Colleges & Corruption: It's Complicated

The signals sent by sanctioned corruption might have fostered the admissions scandal

Colleges & Corruption: It's Complicated

This week’s college admissions scandal has generated a lot of interest and outrage. There’s much to be said about the way university admissions in the US have evolved into a pay-to-play scheme, with various fast-tracks into top schools for people with enough money and connections — all of it condoned, even encouraged.

In the midst of all this, I’ve been looking for a gem of perspective, and Tyler Cowen delivered it:

Of course universities have long taken money to let in unqualified applicants; what is happening here is they are going after the local rate busters.

Cowen’s point is that corruption, bias, and favoritism are know to exist in the college admissions process, but universities don’t want freelancers or scalpers selling off access at higher prices. It’s a cynical and funny perspective, and holds perhaps more than a grain of truth. After all, in a purely economic view, universities can’t let a side economy thrive that might imperil revenue sources of their own.

Then there’s the legal front, which is more flexible than we might like to imagine. We all get signals about what laws we can and can’t break. Police won’t pull you over for going 35 mph in a 25 mph zone in our area. So, we all go faster, knowing that some level of cheating is tolerated. If in doubt, we’ll pace the police cruiser, which is usually also going faster than the posted speed limit.

Signals like this tell us which laws are strictly enforced and which are not. (That said, these people tried to blow through town, and definitely needed to be stopped.) But what about a donor who slaps down $500,000 at the school his child ultimately attends the year she applies? That’s the equivalent of going 35 mph in a 25 mph zone. Everyone knows you’ll get away with it.

For parents seeking to get their kids into universities, there are a lot of legal and acceptable ways to game the system — legacy admissions, donations, paying for test prep, going for interviews, encouraging extracurriculars, getting your kids into sports, making multiple campus visits, securing letters of recommendation, networking with friends and connections, staging mock interviews, and more.

Bias permeates the education system, from disparities in funding school districts for K-12 education to disparities in access to pre-K programs. Race, class, and economic biases warp the system at a deep level. One could argue the system is understood intuitively to be gamed from the beginning — that the point of the system is to see how far you can go before you personally run out of gambits (or interest in playing the game).

What’s the result of such a system? Kids from the top end of the socioeconomic scale get into top schools far more often. In a 2017, the New York Times analyzed some trends. At 38 universities in the US, more students came from the Top 1% economic bracket than from the entire bottom 60% — including Yale, Tufts, and other Ivys. Opportunity does not seem to be reapportioned through education, with hardly any students outside the Top 20% getting into Ivys and Elites. The trend is pretty obvious — the class system becomes the education system, which reinforces the class system:

Most parents who experience getting a child into college come out feeling like the system is a game, and can sense which levers they can pull and which are out of reach.
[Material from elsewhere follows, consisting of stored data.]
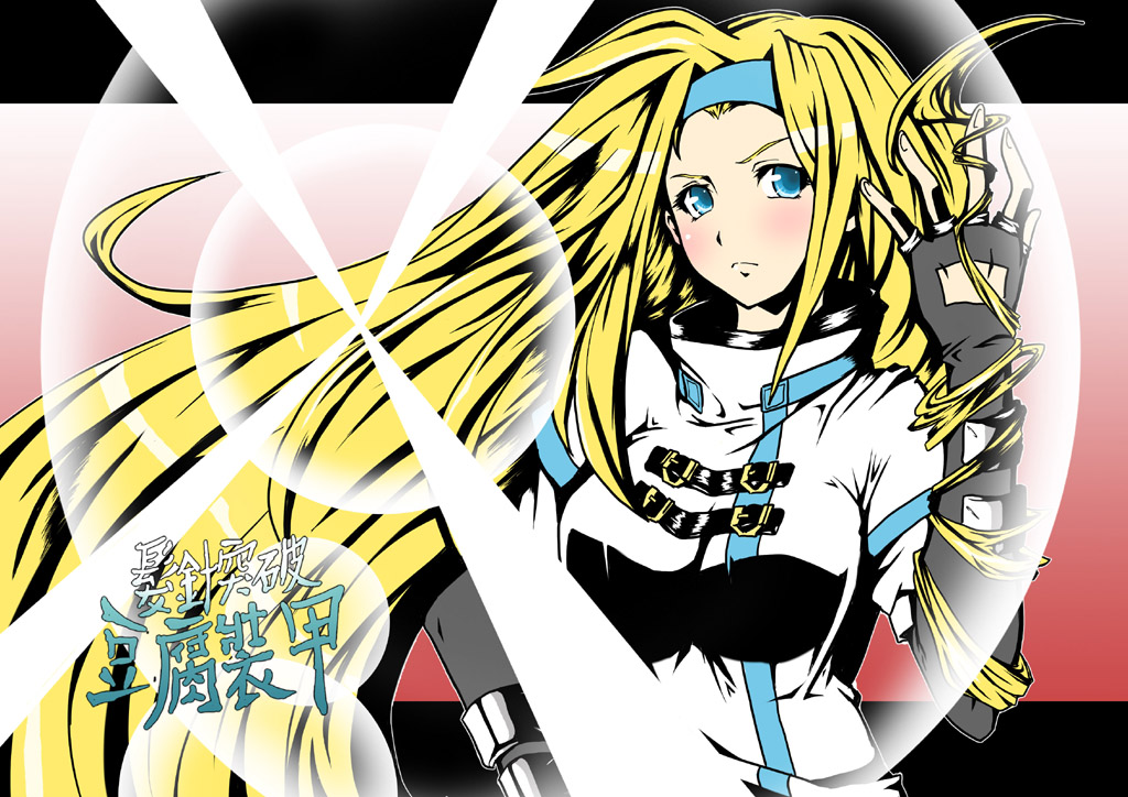 1girlblonde hairblue eyesbreastsfemale focusgloveslens flarelong hairparodysolostyle parodyupper body
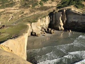 Ráno jsme se s jednou holkou, co taky tak nějak jde Te Araroa, ale momentálně má pauzu, vydali na jednu velkou místní atrakci – Tunnel Beach. Cesta trvala asi půl hodiny autobusem a pak ještě tak 20 minut pěšky.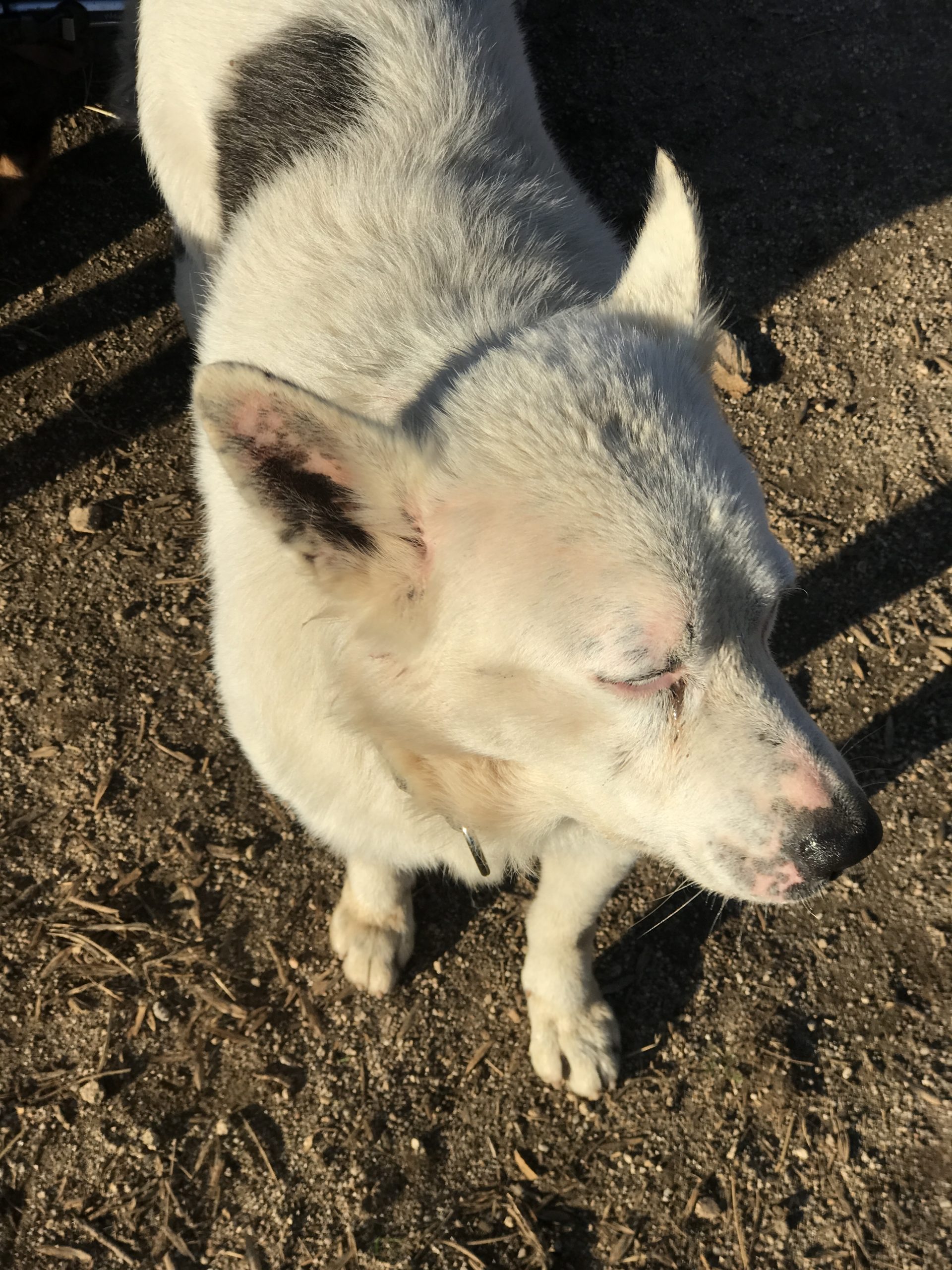 BRENDA: Está respondiendo muy bien al tratamiento frente a su infección por leishmania y se lo notamos en que le ha mejorado mucho su pelaje, las heridas de las orejas están cicatrizando y ella va cogiendo peso poco a poco.

And while the parents and coaches and proctors in these cases went way out of bounds, the field of play isn’t level in the first place. Corruption begets corruption.

The other question that seemed to leave people scratching their heads was around how these unqualified students might fare. As Cowen writes in a Bloomberg essay:

First, these bribes only mattered because college itself has become too easy. . . . If the bribes allowed for the admission of unqualified students, then those students would find it difficult to finish their degrees. Yet most top schools tolerate rampant grade inflation and gently shepherd their students toward graduation. That’s because they realize that today’s students (and their parents) are future donors (and potential complainers on social media). It is easier for professors and administrators not to rock the boat. What does that say about standards at these august institutions of higher learning?
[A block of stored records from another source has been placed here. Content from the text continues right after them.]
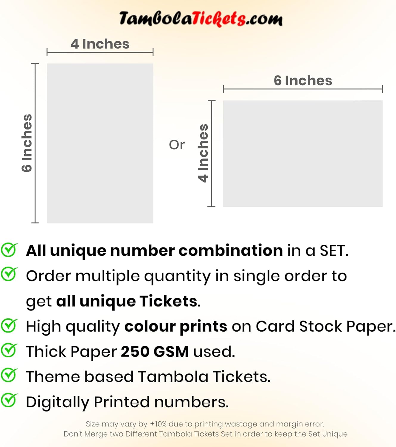 | Included Components | All Unique Cards in Single Order, Big Size Tickets, Order Multiple Quantities for all unique Tickets, Printed on Ink Absorbent Thick Paper, Set of 64 Theme Tambola Tickets Cards |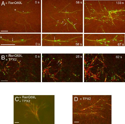 Figure 2. Quantifying the Effect of RanQ69L and TPX2 on Microtubule NucleationThe number of GFP-EB1 spots is counted for each time frame and experimental condition and plotted against time. Because each microtubule, even when branched, is marked by a single EB1 spot at its growing plus tip, counting the number of EB1 spots directly corresponds to the number of microtubules per frame and field of view (82.2 à 82.2 μm). Data are from a control extract in which only vanadate was added or experiments in which further additions of RanQ69L, TPX2, or RanQ69L plus TPX2 were made. |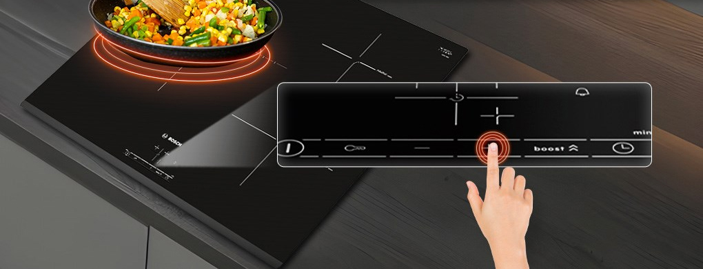 Bảng điều khiển cảm ứng TouchSelect bạn có thể điều chỉnh vùng nấu một cách dễ dàng. Đơn giản chỉ cần chọn mức công suất bạn cần. Các chức năng bổ sung như khởi động nhanh QuickStart và khởi động lại ReStart giúp việc nấu ăn trở nên dễ dàng hơn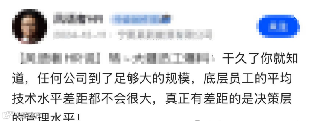 干久了你就知道,任何公司到了足够大的规模,底层员工的平均技术水平差距都不会很大,真正有差距的是决策层的管理水平!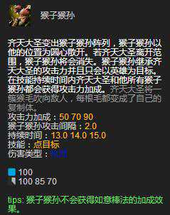 暗灭的减甲加攻,如果猴子猴孙释放的好,亦可以大幅增加队友的物理输出,也增强了自己棒击大地的爆发力。

That’s another aspect of the corruption of the university to drive sales and marketing — once you’re in, you are virtually assured of getting through if you are willing and able to pay. It seems the only certain way to not complete college is to stop paying tuition.

While it’s easy to point at the perpetrators in the FBI investigation, the problems are larger and deeper — a corruption of a supposedly egalitarian and meritocratic education system by money, advantage, race, and class.

When it comes to how the US educational system has become corrupted by interests that go beyond its intended purposes and stated ideals, the current scandal seems pretty clear cut. But when you start to look for a part of the system that isn’t distorted by bias or corruptible elements — well, it’s complicated.